The new focus is a major goal in the DSIC budget, which was submitted to the City Council on Monday.

The council approves the DSIC budget each year after a public hearing, which will be held at 7 p.m. Nov. 28 in City Hall.

The DSIC plan calls for a detailed study of what businesses are needed downtown. Staff may also receive special training in recruitment. Council members were somewhat critical of the plan, saying that DSIC staff should just get started rather than studying.

“You’re over-thinking this,” Councilwoman Barbara Blanchard said, insisting that “anyone” could clearly see what basic services and supplies were not yet offered downtown.

She said DSIC doesn’t need to consult experts, as the board of directors plans to do.

“It’s beer, bread and books,” she said, using a phrase that means bars, restaurants and retail stores.

Councilman Carl Erikson asked why they hadn’t started recruiting yet.

“Shouldn’t you have been doing that already, this year?” he said.

DSIC Executive Director Jim Salengo explained that DSIC will have more time for recruitment next year because Metroplex Development Authority will take over much of the administration of the Metroplex facade grants.

“We’re able to slide more of the staff’s focus,” he said.

But he acknowledged it is a task that business owners have wanted for years. “It’s something that’s been on our radar screen, on our priority list, for several years.”

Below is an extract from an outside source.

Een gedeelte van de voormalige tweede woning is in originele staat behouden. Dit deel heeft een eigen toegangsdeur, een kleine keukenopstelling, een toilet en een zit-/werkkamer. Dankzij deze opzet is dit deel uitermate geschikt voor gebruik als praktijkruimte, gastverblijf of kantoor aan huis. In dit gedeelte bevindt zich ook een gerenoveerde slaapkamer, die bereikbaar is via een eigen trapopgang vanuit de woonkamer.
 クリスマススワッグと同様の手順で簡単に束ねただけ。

He doesn’t have a recruitment plan yet, but he said he will present a “comprehensive strategy” by the end of the year.

Until now, DSIC’s main focus has been on aesthetics. It managed the facade grant program, in which businesses could get matching grants from Metroplex. DSIC also decorates the downtown, plants flowers, employs street sweepers and keeps the curb cuts shoveled in winter, among various other efforts to make the downtown inviting.

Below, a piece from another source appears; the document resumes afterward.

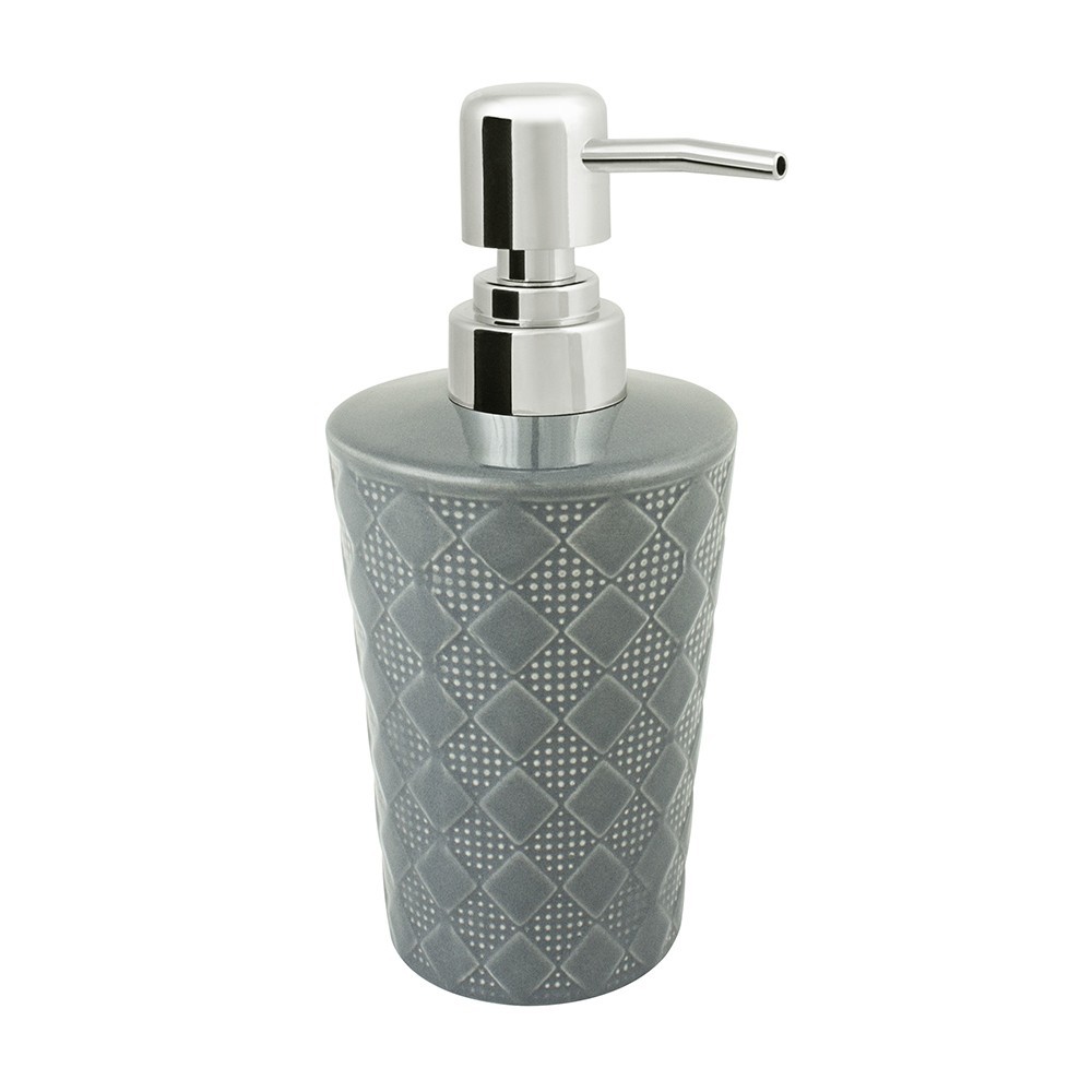Dávkovač tekutého mýdla je součástí koupelnové sady Karos. Skládá se z velkoobjemové nádoby o objemu 280 ml a praktické dávkovací pumpičky. Koupelnová sestava Karos má patchwork texturu a neutrální šedou barvu, takže se bude dobře vyjímat v klasickém i moderním aranžmá.

In other business Monday, the City Council agreed in committee to ban skateboarding along the new sidewalks on upper Union Street. The council will formally vote next Monday.

Groups of skateboarders have practiced tricks on the new concrete, as well as on business steps and facades. Property owners said they’ve seen some damage already, and asked the council to give police the authority to confiscate skateboarders and ticket teenagers who defy requests to stop.

Upper Union Business Improvement District Chairman Chris DiCocco said he hopes the law would prove so threatening that youth will simply stop jumping and flipping on the street.

“It gives the police a little bit of sting to move the kids along,” he said.